Further, the first tracking module 403 is specifically configured to:

tracking the target in the first search area using a correlation filter, resulting in a first response matrix as shown below:

wherein z is₁For the image of the first search area, CF₁Is the first response matrix;

determining a maximum response value in the first response matrix as the first maximum response value, and determining a position coordinate corresponding to the first maximum response value as the first position coordinate.

Further, the second tracking module 405 is specifically configured to:

tracking the target in the second search area by using a correlation filter to obtain a second response matrix as shown in the following:

wherein z is₂For the image of the second search area, CF₂Is the second response matrix;

and determining the maximum response value in the second response matrix as the second maximum response value, and determining the position coordinate corresponding to the second maximum response value as the second position coordinate.

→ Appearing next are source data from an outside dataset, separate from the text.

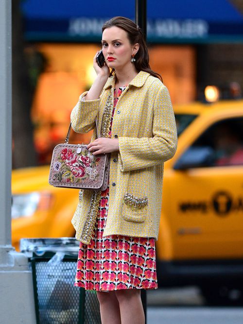 Direttamente dalla sesta stagione, un outfit di Blair davvero ricercato: il cappotto in tweed pastello è firmato Dolce & Gabbana, la borsa è di Valentino, l'abito printed è di Lyn Devon. Un mix sofisticato da copiare ancora oggi!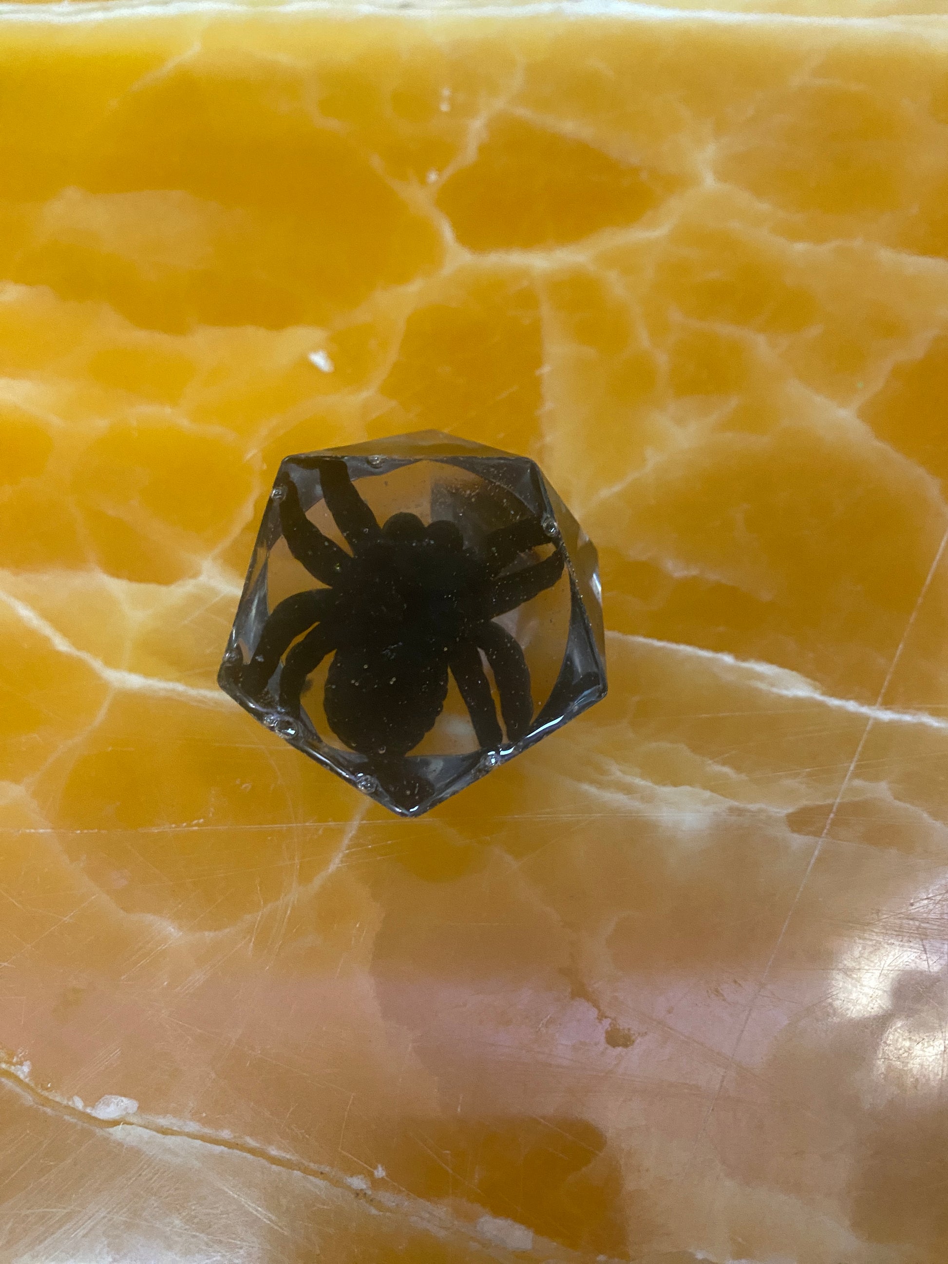 This bold and creepy-cool faux tarantula is permanently sealed inside a hand-poured, crystal-clear resin polygon — a one-of-a-kind Halloween decoration, curiosity collector’s piece, or desk conversation starter.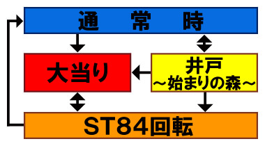 絵柄揃い大当り時はそのままST84回転へと突入。また井戸〜始まりの森〜に移行すると小当りor潜伏確変当選となる。ラウンドランプにて判別も可能。見逃した場合はしばらく様子見し、呪縛ゾーンへと突入すれば潜伏濃厚だ。なお、潜伏は初回のみとなっており、再度出玉ナシ確変に当選した場合は電サポが作動する。
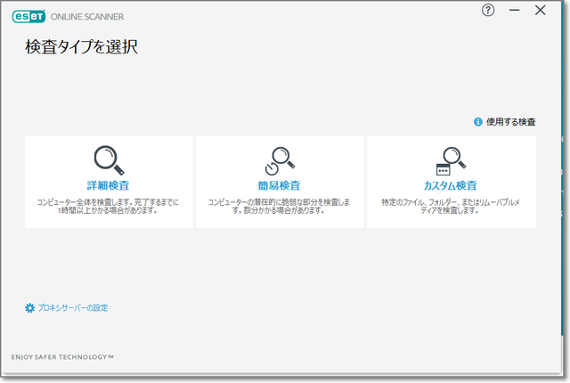 「詳細検査」「簡易検査」「(場所を指定する)カスタム検査」が、選べます。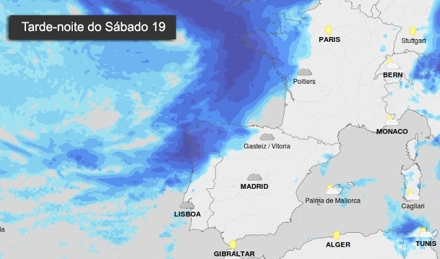 El domingo llegará un nuevo frente. «Non será tan profunda, pasará máis preto, co cal teremos máis frío en altura e chuvias intermitentes que por momentos poderán ser puntualmente fortes e vir acompañadas de treboadas e tamén de saraiba nalgúns casos, especialmente no oeste da comunidade, onde se poderán rexistrar cantidades importantes de auga en pouco tempo», señalan en Redmeteo.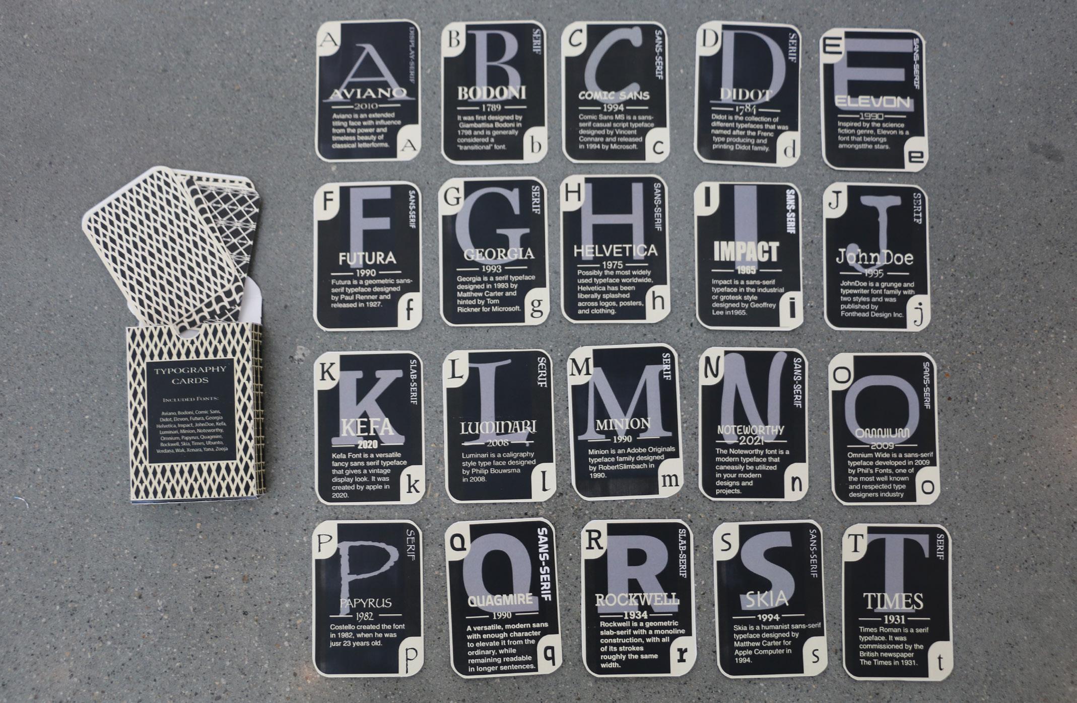 The objective was to create a clean deck of 26 cards with each card representing a different typeface, and each typeface representing a different letter of the alphabet.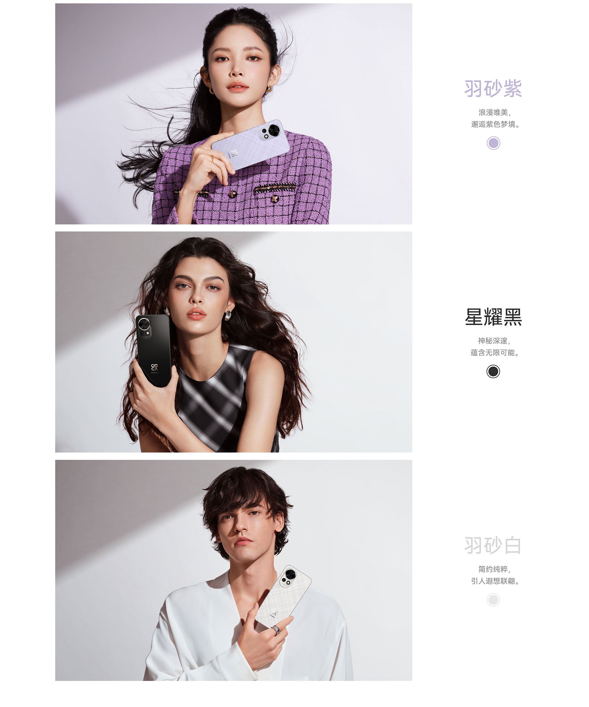 機(jī)身顏色:星耀黑, 洛登綠, 羽砂紫, 羽砂白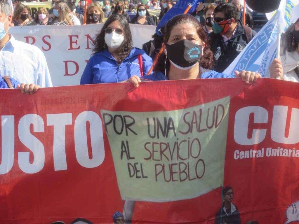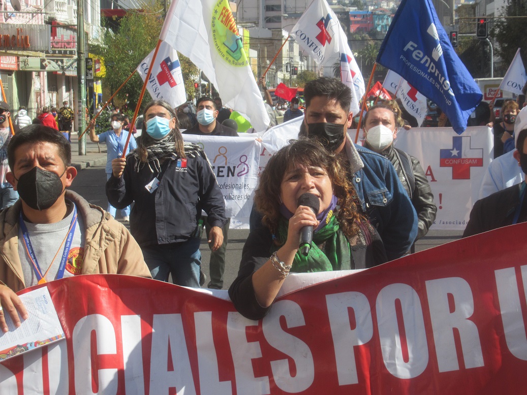 “Nuevamente nos tomamos la calle, se equivocó señor Piñera porque pensó que nos iba a callar, que nosotros solo íbamos a hacer nuestro trabajo acatando todas las indignas condiciones, pero esta lucha no es por dinero, es por dignidad, dignidad para todos los trabajadores, los trabajadores de los hospitales, los profesores, las trabajadoras y trabajadores, a todos quienes han estado desde el día uno de esta pandemia entregándose por enteros para atender de la mejor manera a los usuarios, a pesar de la precarización de la salud(…) Todos los trabajadores del sector público estamos acá dando la lucha y no vamos a entregar la calle y esta marcha se está haciendo a nivel nacional. Señor Piñera, los trabajadores nos tomamos nuevamente las calles para decirle que los trabajadores estamos unidos ahora más que nunca…”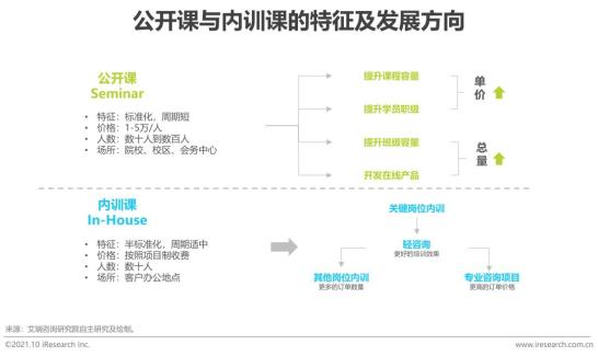 公开课是培训组织最基本的经营模式,主要指培训组织根据市场调研发现行业热点问题、研发相应的培训课程并组织学员集中授课的模式。公开课以线下面授为主,授课场所多在院校教室、机构校区或酒店会务中心,课程标准化程度高,课程的单价较低,培训周期较短(3-4天),属于扩大市场规模的产品,可通过提升受训人数、提高受训人群职级与提供体系化长期课程来提升单位客户的采购金额,进而优化产品的毛利率。内训课模式主要指公司应客户的要求,派出公司内训师前往客户内部,为客户指定的管理人员提供企业管理培训服务,它通常是针对特定客户提供的培训服务。内训产品多为半标准品,受训人数相对较少,讲师与学员互动更加频繁,教学设计也更加丰富,讲师会基于客户企业受训人群的具体培训需求对课程进行相应调整,并将轻咨询融入培训的过程当中,解决学员在实际工作当中的具体问题。相较于公开课而言,因内训课交付过程中的人力投入更大,且多基于项目进行整体报价,毛利率小幅低于公开课,因此内训产品的定位是提升其他内训课程的续费率或者向更重的咨询项目转化,以实现在保持毛利率稳定的同时,提升整体的订单金额。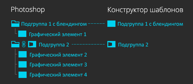 Если внутри подгруппы для каких-либо графических слоев применяются блендинги и маски, то все они будут растеризованы на уровне данной подгруппы. Блендинги и маски, примененные непосредственно к подгруппам слоев, будут перенесены на выгруженные Конструктором шаблонов графические слои.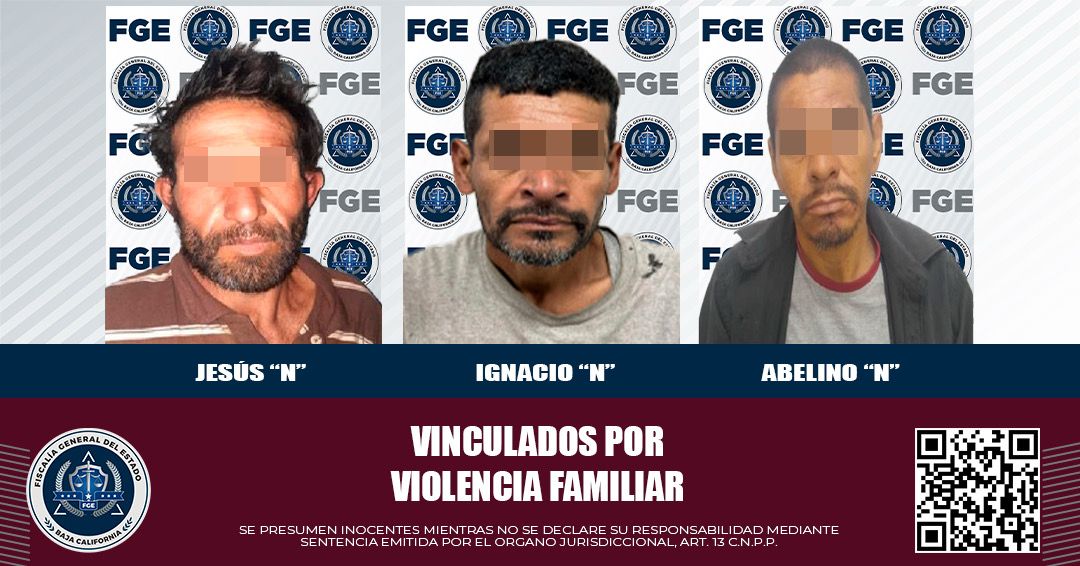 MEXICALI, BAJA CALIFORNIA. - La Fiscalía Regional de Mexicali, cumpliendo con su compromiso de proteger a las mujeres en situación de riesgo de sufrir agresiones físicas y psicológicas, logró la vinculación a proceso de tres individuos por el delito de violencia familiar, en audiencias celebradas de manera separada.

Further, the target tracking apparatus may further include:

a correlation filter updating module 409, configured to update parameters of the correlation filter according to the following formula:

α＝(1-γ)α+γα′

wherein the content of the first and second substances,

taking the image of the m-times area of the detection frame in the k frame image by taking the position coordinate of the target in the k frame image as the center, taking the Gaussian function of the m-times area of the detection frame in the k frame image by taking the position coordinate of the target in the k frame image as the center, and taking the Gaussian function as the training correlationThe label of the filter, gamma is the weight constant of the parameter update;

a Kalman filter update module 410 to:

updating the state of the target according to:

w＝w′+K′(q-Hw′)

wherein, K ═ PH^T(HPH^T+R)^-1W' is the predicted position coordinate of the target in the k frame image, q is the position coordinate of the target in the k frame image, H is an observation matrix, P is an a posteriori error estimation covariance matrix, and R is an observation noise covariance matrix;

updating the a posteriori error estimate covariance matrix according to:

P＝P′-K′HP

wherein, P' ═ APA^T+ Q, Q is the predicted noise covariance matrix.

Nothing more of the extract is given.